中古マンション取引を予定している方は、路線価、固定資産税評価額、レインズで調べる取引価格など、総合的に活用するとよいでしょう。
不動産鑑定士に鑑定を依頼する方法
それなりの正確性をもって所有マンションの価格を調べたい場合、不動産鑑定士に鑑定を依頼する方法があります。
不動産鑑定士は次の基準により鑑定します。
不動産鑑定基準
取引事例比較法 | 対象物件と似た複数の取引事例を比較し、売却事情や売却時点により補正し、個別の要因を加味して価格を試算する方法 |
---|---|
原価法 | 対象物件と同様の土地を再造成、建物を再建築するといくらかかるか試算する方法 |
収益還元法 | 対象物件を賃貸したらいくら収益が出るかにより、物件価格を試算する方法 |
ただし、不動産鑑定士に鑑定を依頼すると、それなりの鑑定費用がかかるので注意してください。
マンションの実勢価格を調べるときの注意点
ここまで、実勢価格や平均価格について見てきましたが、最後に自分で実勢価格を調べるときの注意点を見ていきましょう。
不動産の「価格」はプロにまかせる!
次にご説明する3つの価格を知らずに、実勢価格という言葉に惑わされてはなりません。
知っておきたい、実際の売買で出てくる3つの「価格」
マンション売却を考えるなら、実際の売買で出てくる3つの「価格」を忘れないようにしましょう。
不動産売却を考えるなら必須の知識です。
最近、実勢価格、相場、平均価格と様々な言葉の情報があふれています。
マンション売却を考える前に、「いくらくらいで売れるのかな?」と自分で調べて勉強するのは悪いことではありません。

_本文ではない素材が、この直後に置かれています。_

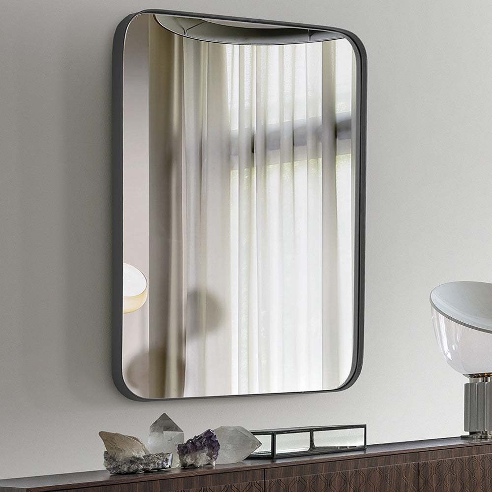 Black Rectangular Metal Framed Wall Mirror Decorative 50x70cm H

しかし、実際の売却活動に入り、自分で調べた実勢価格と、査定額や成約価格の開きに落胆してしまう人もいるかもしれません。
中古マンションを売り出す時は、不動産会社に依頼する方がほとんどでしょう。
不動産会社に依頼した場合、「実勢価格」に一番近いのが査定価格ですが、100%一致するとはかぎりません。
また、実勢価格が「早めに売れそうな値段」かといえば、そうではありません。
では、実際に不動産会社に売却を依頼して売り出し、成約するまでにどんな「価格」に出会うでしょうか?

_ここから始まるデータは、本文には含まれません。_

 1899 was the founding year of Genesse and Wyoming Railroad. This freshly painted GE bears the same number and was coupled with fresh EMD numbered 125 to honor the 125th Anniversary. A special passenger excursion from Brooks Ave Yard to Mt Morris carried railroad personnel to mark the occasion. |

中古マンションを実際に売出した時の3つの価格は以下の通りです。
実際の売却活動で出てくる3つの価格
査定価格 | おおむね3か月以内に売却できると考えられる価格 |
---|---|
売出価格 | 不動産会社と媒介契約を締結し、売り出す価格 |
成約価格 | 売買契約締結時の最終的な代金額 |
不動産会社が査定する場合、不動産鑑定士が用いる鑑定方法のうち、主に取引事例比較法を用いて査定します。
もちろん、収益用マンションであれば、収益還元法も併用します。
中古マンションの査定価格には以下の要因が査定価格に影響します。
中古マンションの査定価格に影響する例
- ・室内の損傷度
- ・室内の設備の状況
- ・建築後の経過年数
- ・管理形態や管理状況(自主管理か委託管理か、日勤か常駐か巡回か、エントランスなど共用部分の状態)
- ・修繕積立金の残高、修繕の実施状況
- ・管理費滞納者はいないか
- ・住民同士のトラブルはないか
エリア、築年数、間取りが同じ他のマンションの取引事例をもとに、以上を加味した実勢価格は3,000万円だと考えていたとしても、査定価格が変わるということです。

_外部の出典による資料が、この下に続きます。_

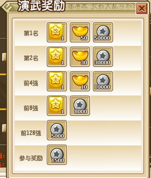 3.比赛将在前一天报名的玩家中自动进行,比赛中使用报名时保存的将领数据和阵型,报名后在演武战未开始前,玩家仍然可以在演武场界面右下角更换将领和阵型
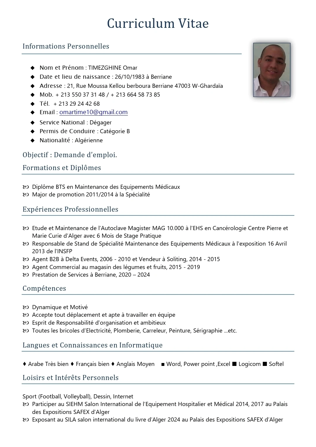 معكم الأخ عمر تمزغين تقني سامي في صيانة المعدات الطبية متفوق الدفعة 2011/2014 بولاية غرداية - الجزائر 🇩🇿 ومتربص لستة أشهر في المؤسسة المتخصصة في مكافحة السرطان المستشفى الجامعي مصطفى باشا . وأعمل حاليا كعون تجاري ولدي خبرة 9 سنوات في ميدان التجارةTanggal Lahir

査定価格は「おおむね3か月以内に売れる価格」であり、売り急いだり、逆に高値で買ってくれる人を待ったり、事情によって売り出し価格は変わります。
最終的な売買価格である「成約価格」は、売り出し価格から指値(さしね)されて低くなることも少なくありません。
実際に売り抜ける額を予想するのは、不動産のプロでなければ難しいということです。
「実勢価格」を知ることは、あくまでも、マンションの売却を真剣に考えるきっかけとするとよいでしょう。
なお、査定には簡易査定(机上査定)と訪問査定があり、次の特徴があります。
簡易査定の特徴
- ・現地を見ずに物件の価格を算出する査定方法
- ・簡易査定では、査定をする段階で明らかになっている情報を基に物件の価格を算出する
訪問査定の特徴
- ・不動産会社の担当者が売却予定の物件を確認して算出
- ・物件の特徴を考慮して価格を算出
一括査定サイトを利用しよう
自分で実勢価格を調べるときの注意点として、査定価格について理解する必要があることが分かりました。
不動産会社1社に依頼すると不安な場合、一括査定サイトを利用するとよいでしょう。
一括査定サイトは、複数の不動産会社数社が参加していますので、複数の査定価格を一度に知りたいときは便利です。
一括査定サイトの査定は、簡易査定によるので、必ずしも売出価格と一致しません。
なお、一括査定サイトを利用すると、査定価格には、不動産会社によって非常に幅があることが分かります。
高い査定価格を出した不動産会社だけでなく、複数の不動産会社の話を聞くとよいでしょう。
ご自身の物件の良いところ、悪いところをひっくるめて、誠実に伝えて査定してくれた不動産会社を選ぶのがコツです。
まとめ
実勢価格とは何か、不動産の他の価格、マンションの実勢価格の推定方法について見てきました。
また、実勢価格と対比して、実際の不動産売却の流れの中で出てくる「価格」もお伝えしました。
実勢価格という言葉が最近よく使われています。
ただし、解説したとおり、実勢価格はあくまでもマンションを売り出すときの「目安」です。
一番気をつけなければならないのは、実勢価格は査定価格や売り出し価格、成約価格と一致するとはかぎらないということです。
不動産は同じように見える物件でも、1つ1つ個性があり、取引ごとの事情があります。
また、景気の変動により昨日3,000万円だった物件が5,000万円に、逆に昨日は5,000万円だった物件が3,000万円になることもあります。
ご自身が所有する不動産の個性や、売却事情、景気動向など総合的に考えて「ベストな価格」で成約することが、後悔しない不動産売却です。
「ベスト」とは価格が高いことだけを指すわけではありません。
不動産売却の事情を満たすことを優先しましょう。
その結果、高値で売るか、少し安くても確実に売れそうな時に売るか、決断すればよいのです。
価格の意味にまどわされず、後悔しない不動産売却をするためにも、信頼できる不動産会社に相談することをおすすめします。